We have already had a glimpse of the Gothic fragility of the commons. The Log4Shell crisis laid bare just how much of the internet’s life-support system can depend on a small volunteer team. If AI quickens the devouring maw of open source while suppressing upstream contributions, however, such maintenance bottlenecks only get worse. Vulnerabilities linger. Compliance audits become nightmares. The price ultimately falls on businesses and public institutions.
Walking a Tightrope to Keep the Open Source Commons Alive
There are escape ramps — but they take coordination. Model and data provenance standards, the AI equivalent of an SBOM, could help track when and how licensed code affects outputs. The Open Source Initiative’s project on the definition of open source AI aims to provide some guidance on what “open” should mean in the era of models. The EU’s AI Act pushes toward documentation and transparency requirements that may mitigate provenance blind spots.

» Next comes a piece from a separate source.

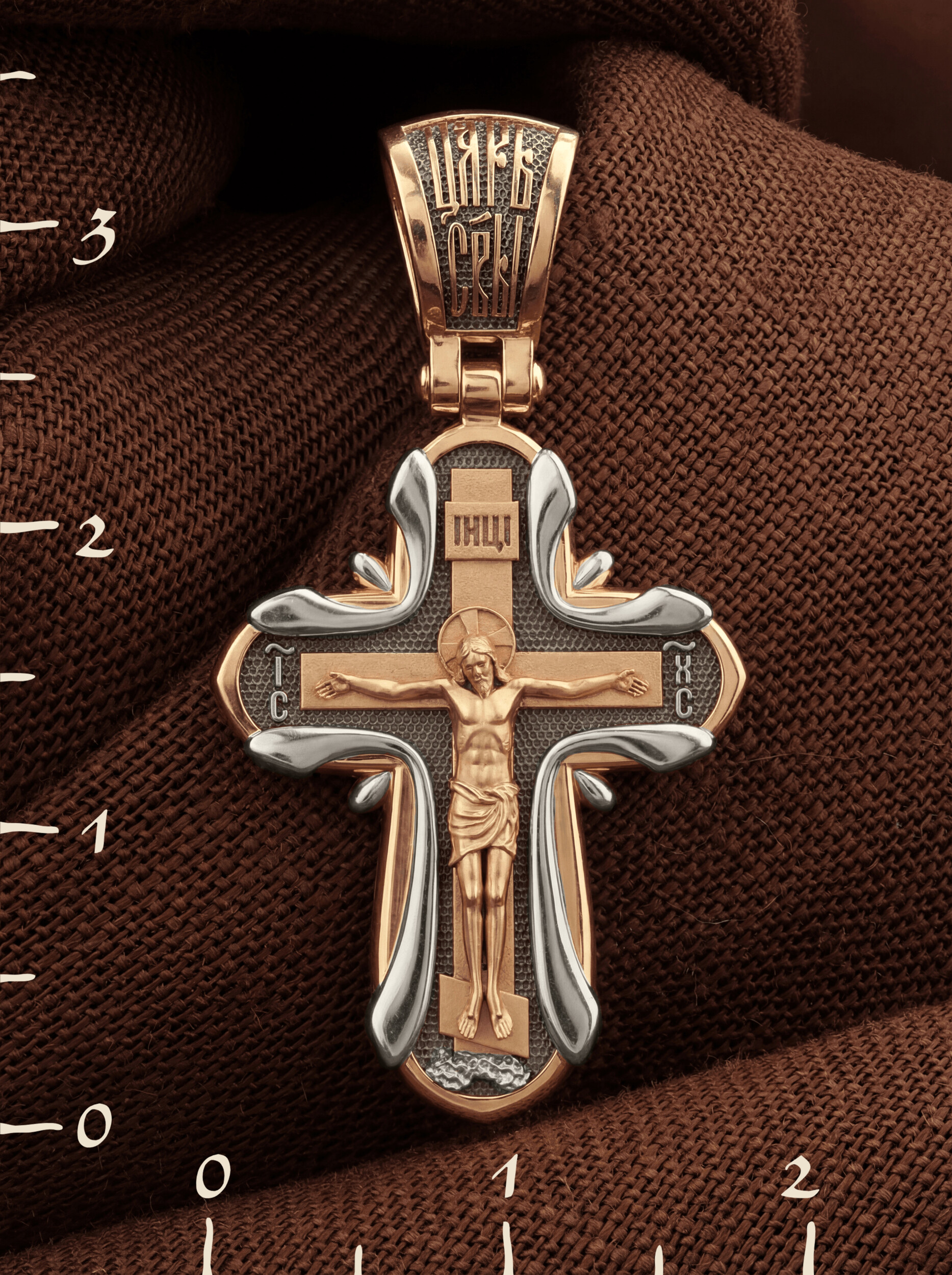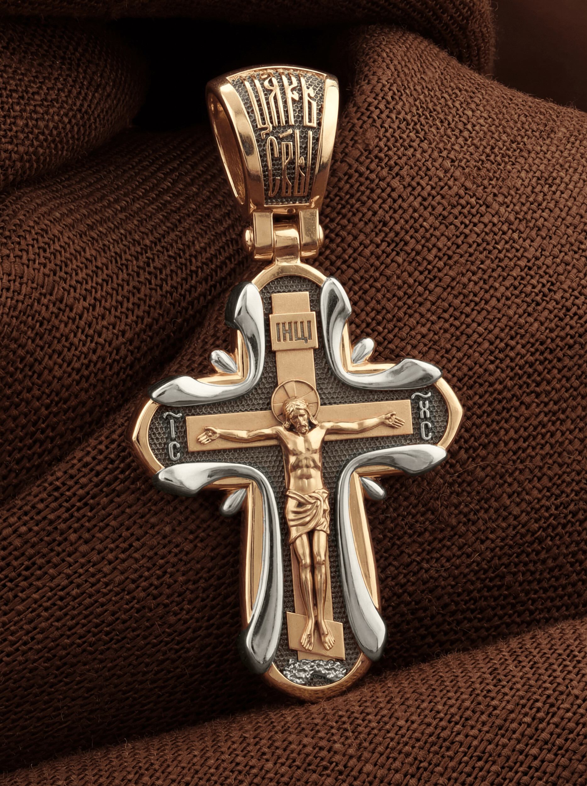 На лицевой стороне креста изображено Распятие Господа и Спасителя нашего Иисуса Христа, отдавшего Себя на смерть, для искупления грехов мира. Крест является символом жертвенной любви Всеблагого Бога к падшим людям, всепобеждающим духовным оружием христиан, основанием и средоточием церковной жизни. Господь сказал: кто хочет идти за Мною, отвергнись себя, и возьми крест свой, и следуй за Мною. (Мк. 8: 34). Над вершиной Распятия, на кулонном кольце, помещена надпись «Царь Славы». На верхней табличке, выше головы Иисуса, расположена надпись, составленная Понтием Пилатом — «IНЦI». Она означает «Иисус Назорей, Царь Иудейский». Надпись «IC» «ХC», означает Иисус Христос, помещается на разных сторонах поперечной перекладины креста. Крест стоит на горе камней, символизирующих Голгофу.

On the supply side, training models on human-curated, license-respecting datasets and features to embed attribution metadata into suggestions would restore a measure of reciprocity. On the demand side, enterprises can stipulate provenance awareness from AI tools, help fund critical maintainers (through sponsors within organizations and foundations such as the Linux Foundation and OpenSSF), and enact policies that specifically prevent “mystery code” from being run in production.
Without these changes, however, the direction is grim. Generative AI will continue to suck value out of the commons even as it starves what remains of the culturally, socially, and legally enforced feedback loops that once made the old commons so resilient. Open source doesn’t fail all at once — it fails as maintenance slows, compliance risks loom, and innovation moves behind closed APIs. That’s not a future the software profession can afford.